Шурочка опять засмеялась, помолчала…
– Ну пей…
* * *
– Толь, поехали со мной.
– Мне же в другую сторону.
– Ну до метро хотя бы.
– Такси ловить?
– Так у меня машина.
– Ух ты! Когда сподобился?
– Или я не профессор? Вот уже полгода.
Леша с Толей подошли к машинам, выстроившимся вдоль подъездов.
– Они все одинаковые. Как узнаешь свою? Даже цвет один.
– Цвета разные. Просто грязные все. А свою собственность и по запаху узнаешь.
Алексей торжественно распахнул дверцу:
– Прошу.
– Жигуль?
– А то.
Машина немного поурчала, прогрелась и медленно покатила, минуя небольшой ряд таких же грязноватых "Жигулей".
– Олег тоже профессор, а где ж его кар?
– А он слишком много на блядей тратит.
– Больно ты суров к товарищу. Блядей!.. Около него я всегда видел вполне приличных дам.
– И что? Блядь может быть вполне приличной дамой. Это просто человек… женщина, легко, без натужности и с удовольствием идущая на интимный контакт.
– Да уж, всегда сперва надо договориться о терминах. Скажем, проститутка – это профессия. Блядь – мировоззрение.
– А историков тоже волнуют определения?
– Еще бы! Для нас определения, может, важнее, чем вам, хирургам. Это вы все страдаете профессиональным расизмом.
– Да что вы про нас знаете, про хирургов! Для вас мы циники…
– Именно так. Циники, безбожники…
– Да среди медиков и вообще естественников больше верующих, чем среди болтунов-гуманитариев.
– Так! Переходим на личности…
– Извини. Я хочу напомнить тебе про хирурга Войно-Ясенецкого, он же епископ Лука.
– Знаю, знаю. Но, как говорил, Крылов Иван Андреевич, правда, извини, про гусей: "…то ваши предки, а вы годны лишь только на жаркое".
Оба засмеялись.
– Да ладно, Толь. Конечно, на первый взгляд, у религии и медицины разные задачи: одна думает о спасении души – это для нее первее всего; а другая страдает за тело. И впечатление, что им приходится вступать в конфронтацию. Они союзники или соперники, конкуренты? Ты как считаешь?

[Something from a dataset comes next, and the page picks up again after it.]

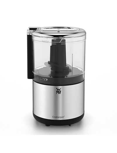 Nu er det slut med at bruge en masse tid på at hakke urter, løg eller nødder! Denne lille lækre køkken-gadget er fremstillet i smukt Cromargan og sikrer altid et perfekt resultat - og ikke nok med det: Du kan nemt betjene hakkeren med kun én hånd. Beholderen har en kapacitet på 0,4 l og er fremstillet i BPA-fri Tritan. Den er forsynet med et to-bladet skær i rustfrit stål og er kendetegnet ved WMFs Perfect Cut-teknologi og en helt speciel sikkerhedslukning. Den kan også med fordel bruges til at skære ost i små lækre stykker. Alle de aftagelige dele kan tåle opvaskemaskine og kan hurtigt vaskes, så de er klar til brug igen med det samme.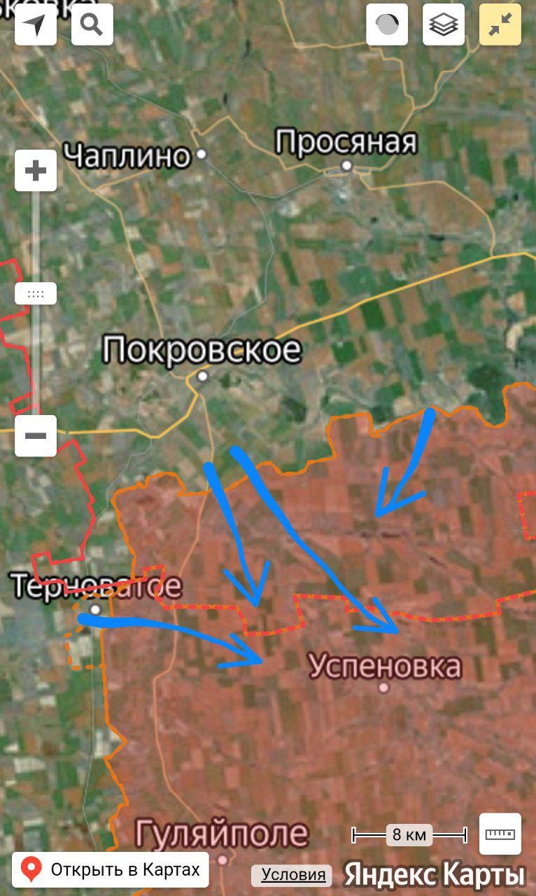 Now in semi seriousness the red dot with the little outline of the town is Gulyapole. The squiggly black line underneath орехов is very, very, very roughly where the Ukrainians main/strongest defenses are in Zaporozhe Oblast. As you can see this makes Gulyapole strategically important strictly in theory because in theory Russia could totally outflank the main Ukrainian defensive belt in Zaporozhe Oblast from the east and roll up the AFUs strongest positions all the way to capital of the Oblast where you see Запорожье on the left side of the map. If the Russian Armed Forces were capable of doing that they would be in striking distance of Dnipropetrovsk before too long which is where you see Днепр on the map just north of Zaporozhe. But that is all fan fic. A town, object, etc can only be “strategically important” when there is a strategy for winning the war in the 1st place besides “muh attrition”. Furthermore, the material and human resources to execute said strategy need to be on hand and as of now Russian Troops don’t even have comms at the tactical level nor do they significantly outnumber the Ukrainians man for man.

– То есть быть или не быть – кому что важнее?
– Нет, не так: сейчас или навечно?
– Хм! По-моему, для вас, для медицины – быть.
– Для нас, для медицины, для религии тоже – уйти из "быть", из тела так, чтобы попасть в духовный сад.
– Стоп! Все! Уже ничего не понимаю. Надо подумать. Здесь останови: вон метро. Удачи тебе в борьбе с недужным телом и за счастливую душу.
* * *
– Готова машина? Что, прямо сегодня? Конечно, жду! – Илья положил трубку, удовлетворенно улыбнулся и назидательно сказал зеркалу: "А говорили: обманут. Вот вам! Верить надо". Стал натягивать куртку, но телефон зазвонил снова.
– Слушаю… Да, Евгений Львович… Позвонили. Сейчас едем обкатывать… Я был уверен… Вечерком позвоню… А точно завтра хотите?.. Ну ладно. Позвоню. А от Гали не получу по шее?.. Ну, не гневитесь. Приеду – позвоню.
Он выскочил из подъезда, и одновременно подъехали его бывшие обидчики. Машина выглядела вполне прилично. Ребята чувствовали себя героями и благодетелями, будто не они разбили, а просто ликвидировали чей-то грех. Втроем обошли машину вокруг – ощупывали, оглаживали.
Через час Илья звонил шефу:
– Евгений Львович, все в порядке… Договорились: четверть девятого. Только чтоб Галя не провожала – я боюсь.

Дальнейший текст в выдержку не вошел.